Polyolefins produced in a high pressure (HP) process are widely used in demanding polymer applications wherein the polymers must meet high mechanical and/or electrical requirements. For instance in power cable applications, particularly in medium voltage (MV) and especially in high voltage (HV) and extra high voltage (EHV) cable applications the electrical properties of the polymer composition has a significant importance.
Furthermore, the electrical properties of importance may differ in different cable applications, as is the case between alternating current (AC) and direct current (DC) cable applications.
A typical power cable comprises a conductor surrounded, at least, by an inner semiconductive layer, an insulation layer and an outer semiconductive layer, in that order. The cables are commonly produced by extruding the layers on a conductor.
Crosslinking of Cables
The polymer material in one or more of said layers is often crosslinked to improve e.g. heat and deformation resistance, creep properties, mechanical strength, chemical resistance and abrasion resistance of the polymer in the layer(s) of the cable. In crosslinking reaction of a polymer interpolymer crosslinks (bridges) are primarily formed. Crosslinking can be effected using e.g. a free radical generating compound. Free radical generating agent is typically incorporated to the layer material prior to the extrusion of the layer(s) on a conductor. After formation of the layered cable, the cable is then subjected to a crosslinking step to initiate the radical formation and thereby crosslinking reaction. Peroxides are very commonly used as free radical generating compounds. The resulting decomposition products of peroxides may include volatile by-products which are often undesired, since e.g. may have a negative influence on the electrical properties of the cable.
Therefore the volatile decomposition products such as methane are conventionally reduced to a minimum or removed after crosslinking and cooling step. Such removal step, generally known as a degassing step, is time and energy consuming causing extra costs.
Electrical Conductivity
The DC electrical conductivity is an important material property e.g. for insulating materials for high voltage direct current (HV DC) cables. First of all, the strong temperature and electric field dependence of this property will influence the electric field. The second issue is the fact that heat will be generated inside the insulation by the electric leakage current flowing between the inner and outer semiconductive layers. This leakage current depends on the electric field and the electrical conductivity of the insulation. High conductivity of the insulating material can even lead to thermal runaway under high stress/high temperature conditions. The conductivity must therefore be sufficiently low to avoid thermal runaway.

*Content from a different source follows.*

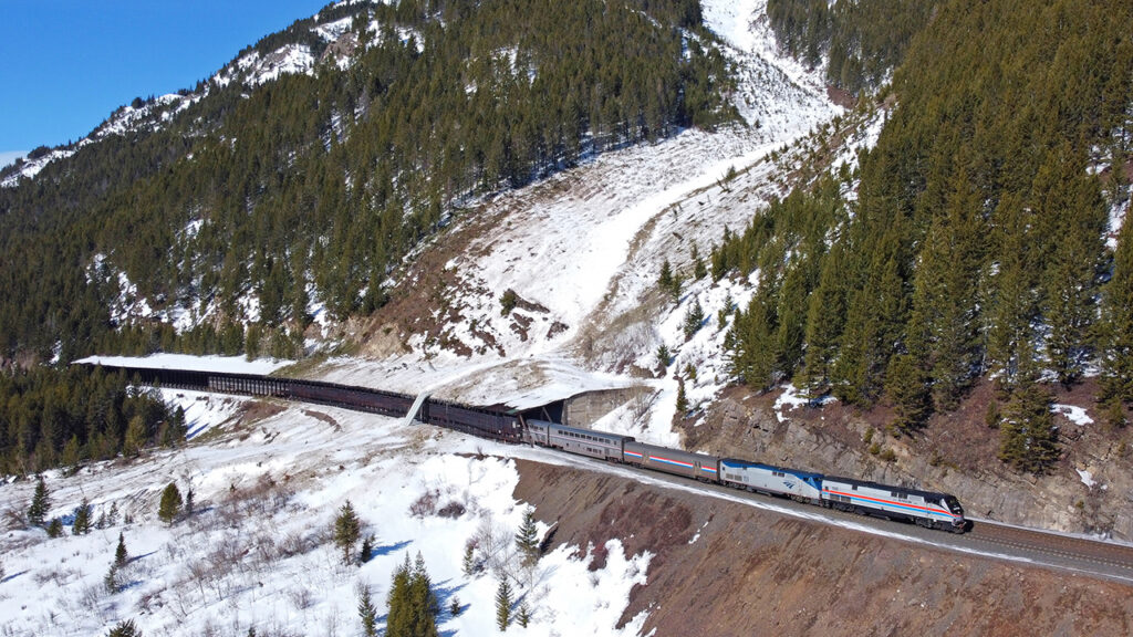 Amtrak’s Empire Builder passes through one of the ten snow sheds that protect BNSF Railway’s track over Marias Pass. The dirty snow on top of the shed and to the left of it are the remains of a slide that had come down the previous month. Photo by Justin Franz.

Accordingly, in HV DC cables, the insulation is heated by the leakage current. For a specific cable design the heating is proportional to the insulation conductivity×(electrical field). Thus, if the voltage is increased, far more heat will be generated.
JP2018811A discloses an insulation layer for a DC cable which contains a blend of 2-20 wt % of a high density polyethylene with a low density polyethylene. It is stated that blend provides improved DC breakdown and an impulse property. The blend is mixed with 2-3 wt % of a crosslinking agent. The type and layer structure of the cable has not been specified.
There are high demands to increase the voltage of a power cable, preferably of direct current DC power cable, and thus a continuous need to find alternative polymer compositions with reduced conductivity. Such polymer compositions should preferably also have good mechanical properties required for demanding power cable embodiments.